I went round the front to keep an eye open for the Indians with the food, and was suddenly hit by the universality of the music that they were playing.It was "Ruby Tuesday", not necessarily the most famous Stones hit, originally issued in 1966 as a double 'A' Side with the better known "Let's Spend the Night Together". The whole crowd, several thousand of them, were singing along, young and old, punks, skinheads, rastas, goths, Sikhs, grandfathers with their seven year old grandchildren on their shoulders, mothers with their babies in their backpacks, couples of all ages and races, arms linked, joining in the verse, and then - all together now - the wonderful chorus.
"Goodbye, Ruby Tuesday,
Who could hang a name on you?
When you change withe every new day
Still I'm gonna miss you"
And I suddenly felt the greatest legacy of the Beatles and the Stones, and the other great pop groups of the era. More than any political party, any education system, any Queen, or police force, or film or tv programme, their music has created the thing we know today to be Britishness: a common thread that is, at its best, optimistic, creative, open-minded, proud, tolerant and diverse in every sense of that much maligned word.
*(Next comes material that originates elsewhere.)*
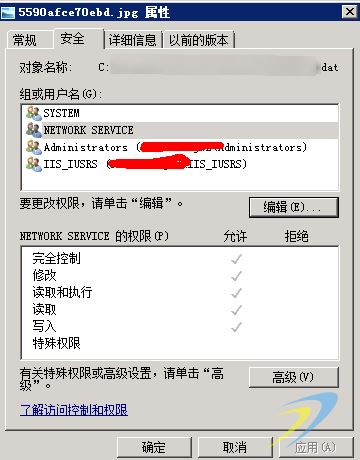 看到這我就想不明白了,既然目錄的權(quán)限有"Everyone"項(xiàng)那么上傳的圖片的權(quán)限也應(yīng)該繼承父類的權(quán)限才對(duì),所以好長(zhǎng)時(shí)間也沒有想明白這其中的原因

It was one of the unexpected moments when I realised that being an arts officer was about as good as it gets.
Then, after several encores, the crowd began to disperse and I realised that the meal for the band hadn't arrived. They were late. I was fretting that I'd been a fool to trust a community group to come up with the goods when, through the dark ten-o-clock night, thick with November fog and the smoke of a Miroesque melle of whizzing illicit rockets, a posse of around a half dozen small, stocky Asian women, came running at a canter in a well-ordered line, like a caravan emerging from a desert sandstorm carrying stacked tiffins of four or five pans suspended from each hand.
The band said the food was the best they'd ever had, the Indian women had come up trumps, the riot was averted, the people of Islington and Haringey went home happy, feeling that they were part of something big and good. What could be better than that?
That was the last Islington Bonfire Night Firework Display. Cuts, the police and Trevor not being there to fight for it put paid to that. But it was worth every penny spent. For once, ordinary people from all walks of life came together and had a good time; and got something real back from the taxes they paid.
I haven't been to see a tribute band since. Why should I? I've seen the best, the original tribute band.